Кинросс вернулся к костру. Он буквально кипел от возмущения. Гарсия разговаривал с группой латиноамериканцев, среди которых было три женщины. Кинросс подошел к родезийцу, крупному мужчине с мучнистым цветом лица, одетому в широкие шорты. Его звали Питер Уайт.
— Что вы обо всем этом думаете? — спросил Кинросс.
— Тут довольно неплохо, — ответил он. — Словно вернулся в детство.
Кинросс поморщился.
— Знаете, Уайт, если мы как следует постараемся, то сможем вернуться обратно через эти ворота.

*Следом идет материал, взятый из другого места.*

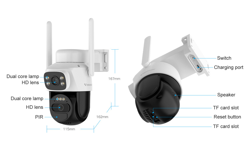 Ενσωματώνει 2 φακούς που επιτρέπουν μεγαλύτερη κάλυψη στον χώρο και υποστηρίζει PTZ λειτουργία που σας επιτρέπει την οριζόντια και κάθετη μετακίνηση της κάμερας μέσω της εφαρμογής.
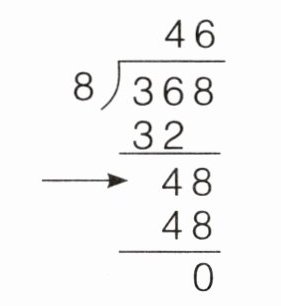 (2)上一步除完后余数为$4$,把被除数个位上的$8$落下来,组成$48$,$48÷8 = 6$,商$6$写在个位上,所以箭头所指的“$48$”表示$48$个一。
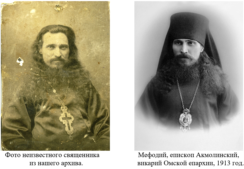 Во время написания этих записок, я перерывала интернет в поисках сведений об Уфе, ее истории, храмах, духовенстве. Просмотрела огромное количество фотографий и вдруг увидела фотографию священника, лицо которого показалось мне знакомым, – он был очень похож на нашего «неизвестного». Когда я поставила два изображения рядом, сомнений не осталось: это один и тот же человек. Под фотографией из интернета была подпись «Священномученик Мефодий (Красноперов), епископ Петропавловский». Ознакомившись с его житием, я поняла, что наша фотография была сделана в то время, когда он был архимандритом, ректором Уфимской духовной семинарии. Подпись на фотографии, наверняка обращенная к моему деду, была тщательно вытерта. Но самым потрясающим в этой истории для меня оказалось то, что я нашла фотографию в интернете 17 февраля 2014 года, в день памяти священномученика Мефодия. Именно в этот день после отслуженной в Никольском храме Петропавловска литургии его заколол штыком красноармеец; потом, уже мертвого, владыку искололи ножами, и в рану вонзили крест…
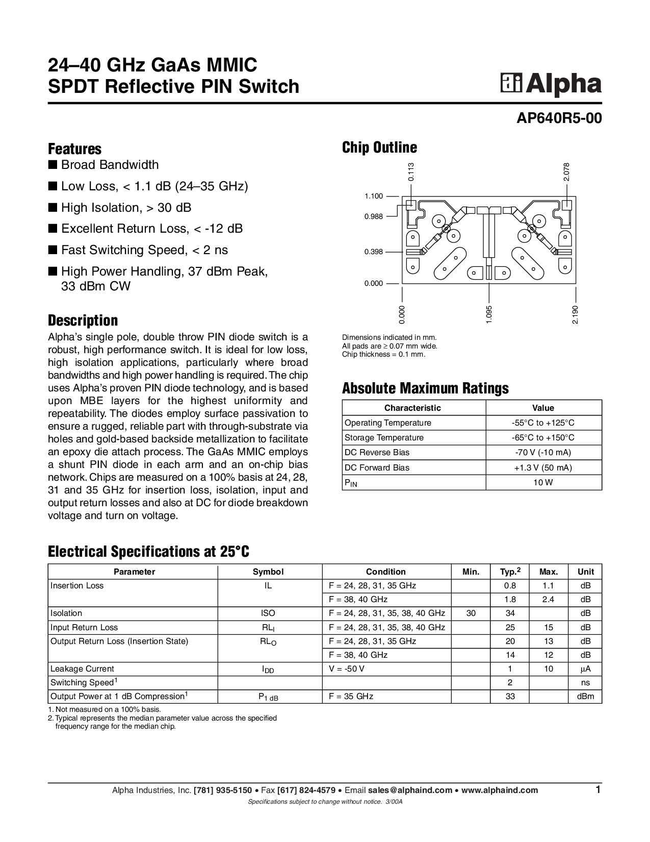 插入 损失 il f = 24, 28, 31, 35 ghz 0.8 1.1 db
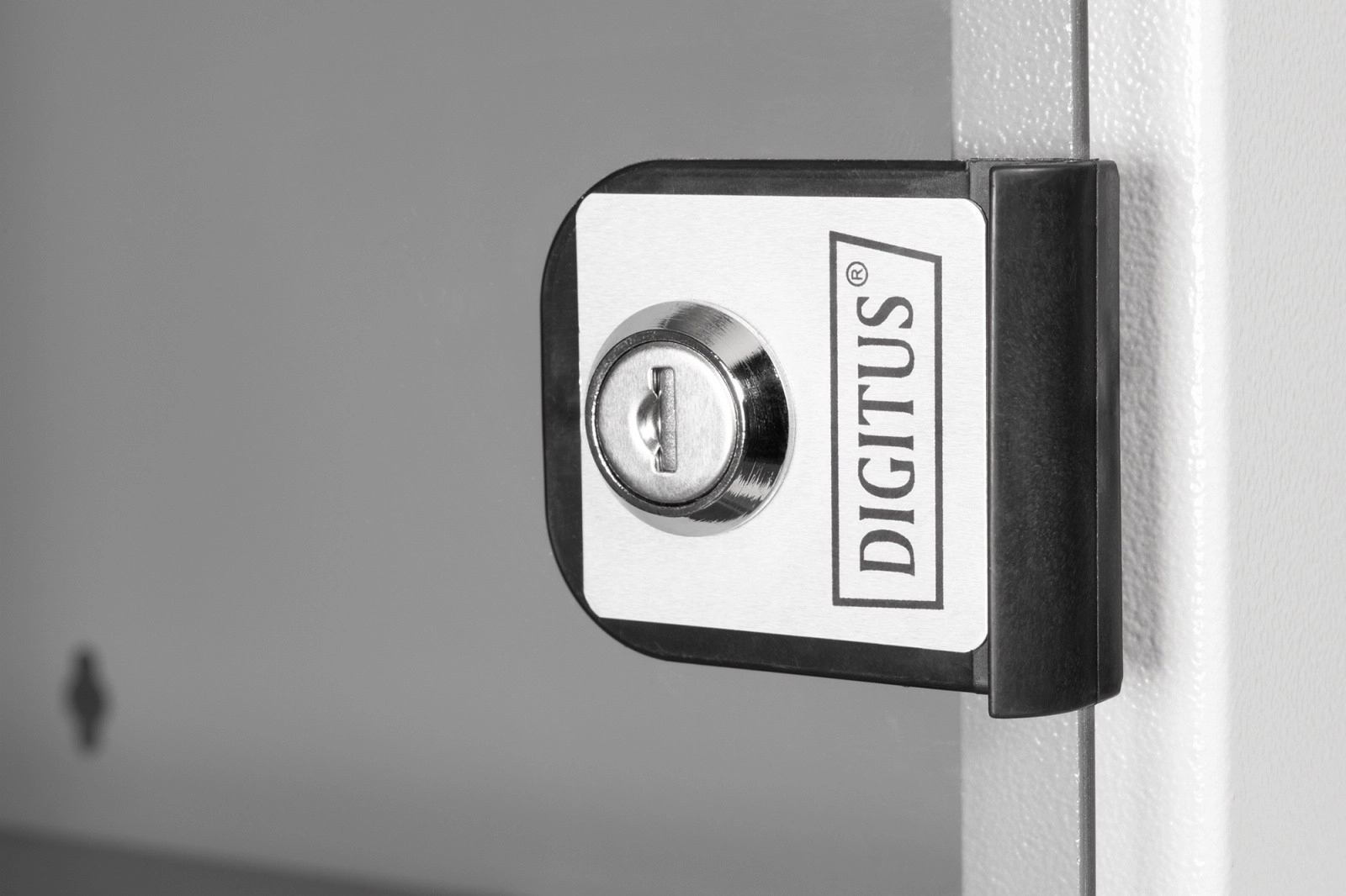 Wisząca szafa 19" DIGITUS SOHO PRO o wysokości 9U została zaprojektowana do bezpiecznego i przejrzystego rozmieszczenia aktywnych i pasywnych elementów sieci w mniejszych instalacjach, biurach domowych i środowisku SOHO. Wytrzymały stalowy korpus z blachy o grubości do 1,5 mm oraz szklane drzwi frontowe z zamkiem jednopunktowym chronią urządzenia, jednocześnie umożliwiając szybką kontrolę wzrokową.
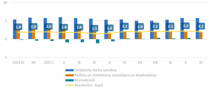2025. gada novembrī, salīdzinot ar oktobri, būvniecības izmaksu līmenis palielinājās par 0,1%. Strādnieku darba samaksa, kā arī mašīnu un mehānismu uzturēšanas un ekspluatācijas izmaksas palielinājās par 0,3%, savukārt būvmateriālu cenas samazinājās par 0,2%.
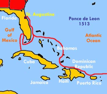 | Reiseroute von Ponce de León 1513 Quelle: http://www.westmeade.net/Library/EuropeanExplorers/PonceDeLeon.html | |||
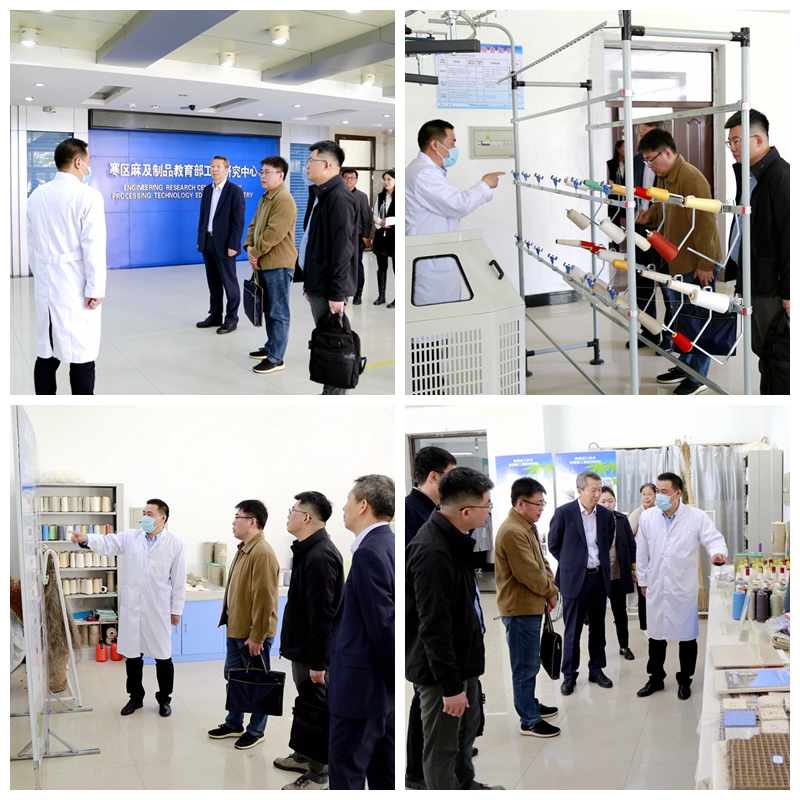 調(diào)研中,張洪波一行實(shí)地考察了我校寒區(qū)麻及制品教育部工程研究中心。輕工與紡織學(xué)院黨委書記、中心副主任宋秘釗介紹了中心開(kāi)展科技創(chuàng)新和成果轉(zhuǎn)化等方面情況。

— Я никогда не захочу этого, — спокойным голосом ответил родезиец. — Мне здесь хорошо.
— Но со временем, когда вам все надоест…
— Надоест? Знаете, Кинросс, последнее, что осталось у меня в памяти от старого мира, это как я умирал в вельде от лихорадки. Сны… Видения… Я не собираюсь возвращаться обратно.
— Вы считаете, что все это вам снится?
— Да, это сон. Приятный сон, и у меня нет желания просыпаться.
Кинросс отошел в сторону, горестно качая головой. Гарсия все еще объяснял что-то по-испански стоявшим у костра людям. Бесцельно побродив несколько минут, Кинросс прилег у хлебного дерева, растущего недалеко от костра. Он чувствовал себя усталым и раздраженным. Со склона спускались еще двое — мужчина и женщина. Пусть ими займется Гарсия, подумал Кинросс и закрыл глаза.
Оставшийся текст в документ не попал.